The Antioxidant Status of Serum and Egg Yolk in Layer Fed with Mushroom Stembase (Flammulina velutipes)

Mo Chen1, Shad Mahfuz1, 2, Yan Cui1, Liying Jia1, Zhongjun Liu3 and Hui Song1, 4*

1School of Life Science, Jilin Agricultural University, Changchun, Jilin, P.R. China.

2Department of Animal Nutrition, Sylhet Agricultural University, Sylhet-3100, Bangladesh.

3College of Chinese Medicine Materials, Jilin Agricultural University, Changchun, Jilin, P.R. China.

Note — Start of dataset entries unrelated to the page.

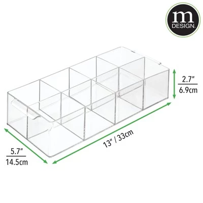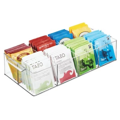 The mDesign Tea Organizer is a great kitchen helper that can bring order to a cabinet, pantry or countertop. This storage bin is perfect for stashing individually wrapped bags or sachets of tea, single serve coffee packets, tea filtering bags, packaged artificial sweeteners, sugar or seasoning packets and even squeeze packs of ketchup, mustard, mayonnaise or relish, so you find what you need in a snap. Convenient and lightweight, this bin can be used all over the home and not just in the kitchen. It works great in the home or work office to keep small supplies like sticky notes or paper clips handy and organized, in the craft room to keep small art supplies neat and tidy or in the bathroom to corral cosmetics or first-aid supplies. It’s easy to create the storage solution that works best for you in any room of your home!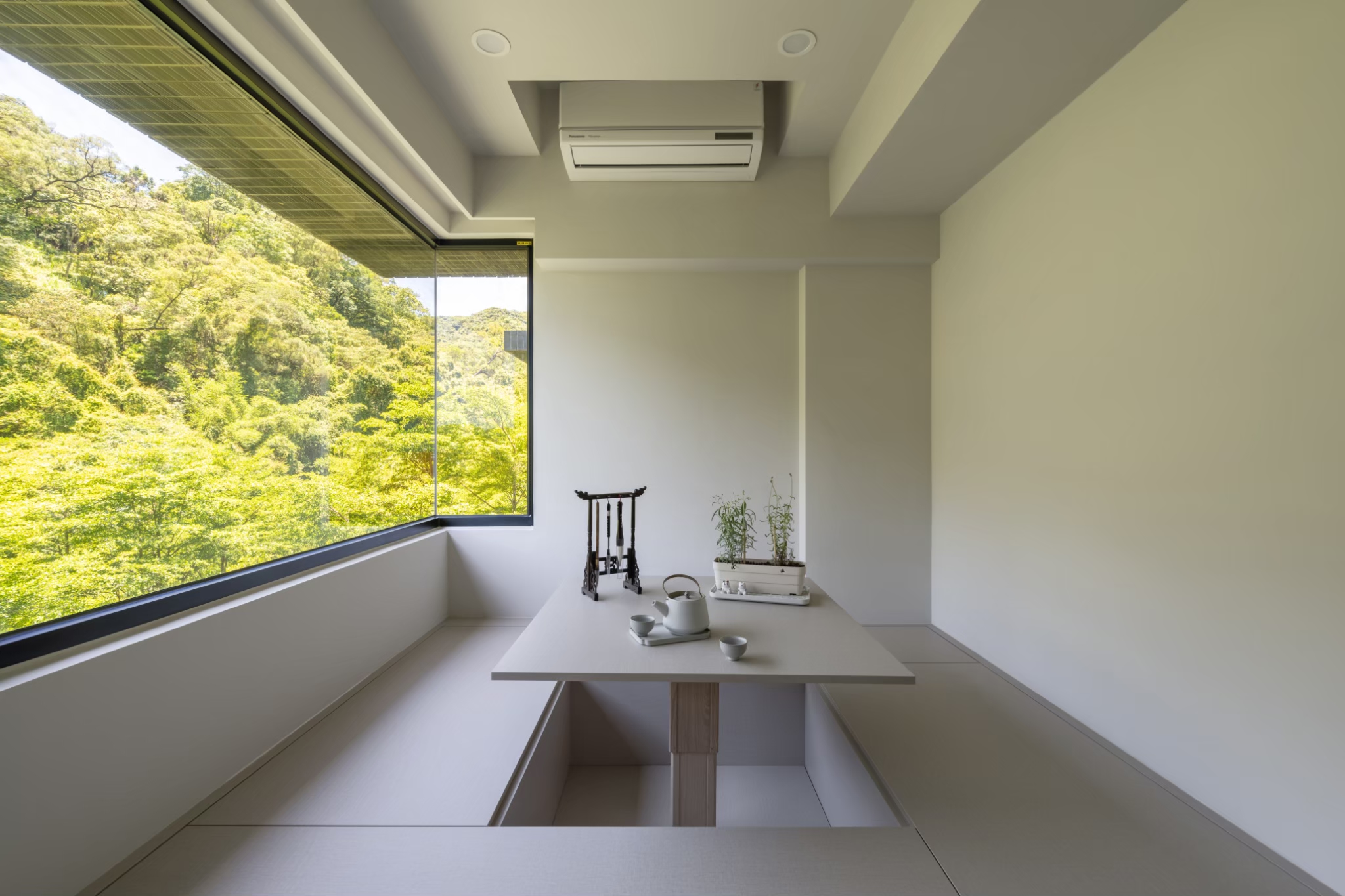 「步入式衣帽間」,運用黑色玻璃的通透與遮蔽,使視覺不壓迫同時又保有隱私。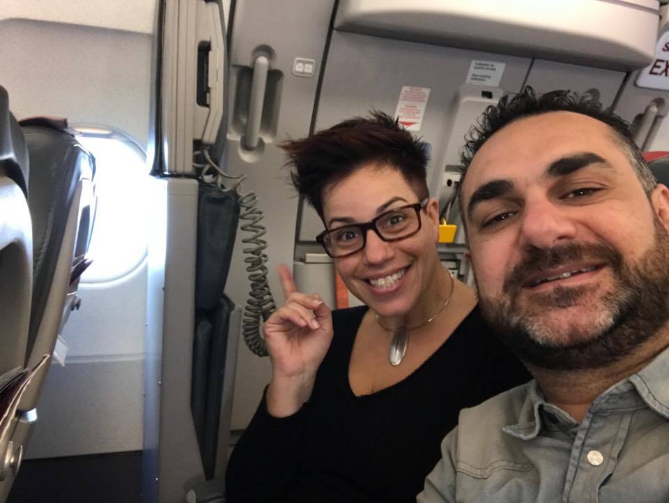 Una volta entrati nell'aereo scopriamo che i nostri posti erano all'ultima fila, la nostra reazione? vedi la foto... anche perchè ai nostri due lati non c'erano posti a sedere, bensi... wc! :-))))) Viaggio tutto sommato tranquillo anche se spesso ci trovavamo in mezzo a turbolenze :-/. Saranno state le gocce ai fiori di bach o la stanchezza, ma a parte un pò di emicrania, sono stata abbastanza tranquilla.

4Engineering Research Center of Chinese Ministry of Education for Edible and Medicinal Fungi, Changchun 130118, China.

ABSTRACT

The objective of this study was to evaluate the antioxidant properties of serum and egg yolk in ISA Brown layer hens fed with mushroom (Flammulina velutipes) stembase (FVS). A total 150 hens of 30 wk old were grouped into 5 equal treatments with 5 replications of 6 hens each. Dietary treatments included basal diet as a control group; control diet including antibiotic (0.05% flavomycin) as an antibiotic group; 2% FVS fed group; 4% FVS fed group and 6%FVS fed group. The experimental duration was total 63 days, from 30 wk to 39 wk. Serum total antioxidant (T-AOC) was significantly higher (P<0.05) in 6%FVS than control; glutathione peroxidase (GSH-Px) was significantly higher (P<0.05) in FVS fed groups and control groups than in the antibiotic fed group; Malondialdehyde (MDA) was significantly lower (P<0.05) in FVS fed groups and antibiotic groups than in the control fed group. However, there was no significant difference were observed for serum total superoxide dismutase (T-SOD) in among experimental groups. Yolk antioxidant T-AOC and T-SOD were significantly higher (P<0.05) in 4%FVS than the control group and antibiotic fed groups; MDA was significantly lower (P<0.05) in FVS fed groups than antibiotic group and control fed groups. Mushroom stembase can be used as a dietary supplement at 6% level to improve the antioxidant capacity of serum and egg yolk in ISA Brown laying hens.


Article Information

Received 22 June 2018

Revised 01 March 2019

Accepted 19 April 2019

Available online 07 October 2019

Authors’ Contribution

MC conducted this experiment work under the supervision of ZL and HS. YC and LJ helped in mushroom preparation, experimental diet and participated in the animal experiment. MC, YC and LJ worked with lab test. SM, MC and LJ helped in statistical analysis and formatting the manuscript.

Key words

Feed supplement, laying hens, mushroom stembase, serum antioxidant, yolk antioxidant

DOI: https://dx.doi.org/10.17582/journal.pjz/2020.52.1.sc6

* Corresponding author: songhuisk@jlau.edu.cn

0030-9923/2020/0001-0389 $ 9.00/0

Copyright 2020 Zoological Society of Pakistan



Antioxidants are a group of compounds that inhibit oxidation and reduce free radicals directly or indirectly in body system (Liu et al., 2014). Oxidation and generation of free radicals are part of the normal body metabolites in the host organisms. In any environmental stress, these highly reactive chemicals can be overproduced and may cause abnormalities and dysfunction of the body system (Liu et al., 2014). Excessive free radicals can affect animal performance and even lead to the development of diseases (Moncol, 2007). In addition, Mujahid (2007) and Zhao (2011) reported that the antioxidant status can improve production performance in birds. Oxidative stress in the body can be relieved by exogenous supplemental antioxidants (Rahman, 2007). However, several synthetic antioxidants have shown potential side effects such as liver damage and carcinogenesis, especially long-term use of synthetic antioxidants (Rautou, 2010). Therefore, exploring safe and natural antioxidants to defend against oxidative stress has become a body of research in recent years. The conventional use of butylated hydroxyanisole and butylated hydroxytoluene as synthetic antioxidants may have a public human hazard, so it is necessary to discover natural antioxidant products (Ser et al., 2016).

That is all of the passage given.